Coykendall, an independent who leans toward the Democratic Party, stated, “I feel like everything is becoming a little more divisive, a little more polarised, and more focused on party loyalty… rather than working for your constituency, having things that work for people rather than working for the party.”
58% of Republicans, according to the AP-NORC poll, continue to believe Biden‘s election was not legal. This is a modest decrease from 66% in July 2021.
Gary Phelps, a 70-year-old retired truck driver from Clearwater, Minnesota, acknowledges that Joe Biden is president, but he does not believe he was duly elected. Phelps stated that he was concerned about voter fraud, mail ballots being received and counted after Election Day, and anomalies with some voting machines, but he noted that his concern was based on his intuition and not on facts.
Phelps remains concerned about the voting procedure and the accuracy of the tally. The Republican-leaning independent stated, “I would hope so, but I don’t think so.”
47% of Americans have “a great deal” or “quite a bit” of confidence that the votes will be counted accurately in the 2022 midterm elections. Democrats are the most confident, as 74% of them express high levels of confidence. On the Republican side, electoral optimism is extremely split, with 25% having great confidence, 30% having moderate confidence, and 45% having little to no confidence.
Two years of Trump and his friends spreading false information about the 2020 presidential election and spreading conspiracy theories about voting technology have contributed to this loss of confidence.
Mysterious changes to voting totals attributed to mailed ballots have been a constant source of misinformation. To clarify, election night returns are unofficial and frequently incomplete. It is typical for counting to continue for many days following Election Day as mail-in ballots received by the deadline are processed and added to the tally.
In 2020, the COVID-19 outbreak prompted an increase in mail-in ballots, as voters avoided crowded polling places. As local election officials went through the steps of verifying the ballots and ensuring that they were cast by registered voters, a huge number of these ballots delayed the results.

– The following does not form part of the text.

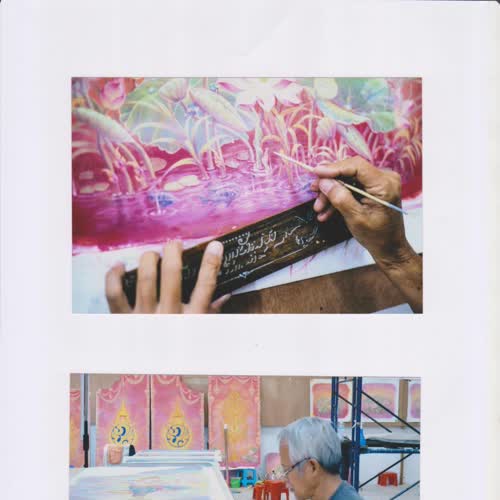 | คำสำคัญ : งานศิลป์, จิตรกรอาสา, จิตรกรรม, ฉากบังเพลิง, พระที่นั่งทรงธรรม |

Julie Duggan, a 31-year-old Chicago police officer, is among the Republicans who question the legitimacy of Biden’s victory. She stated that observing his gaffes and blunders made it tough to imagine he earned sufficient support to win.
She cites inflation, illegal immigration, crime rates, and a lack of respect for law enforcement as reasons for her anxiety about the country’s future.
“If we don’t get the right people in, there will be no turning back,” she said, adding that she thinks the elections will be conducted fairly but has her concerns. My confidence has been severely affected.
The survey of 1,121 adults was performed from October 6-10 using a probability-based sample from NORC’s AmeriSpeak Panel, which is intended to be representative of the U.S. population. The sample error margin for all respondents is +/- 3.8 percentage points.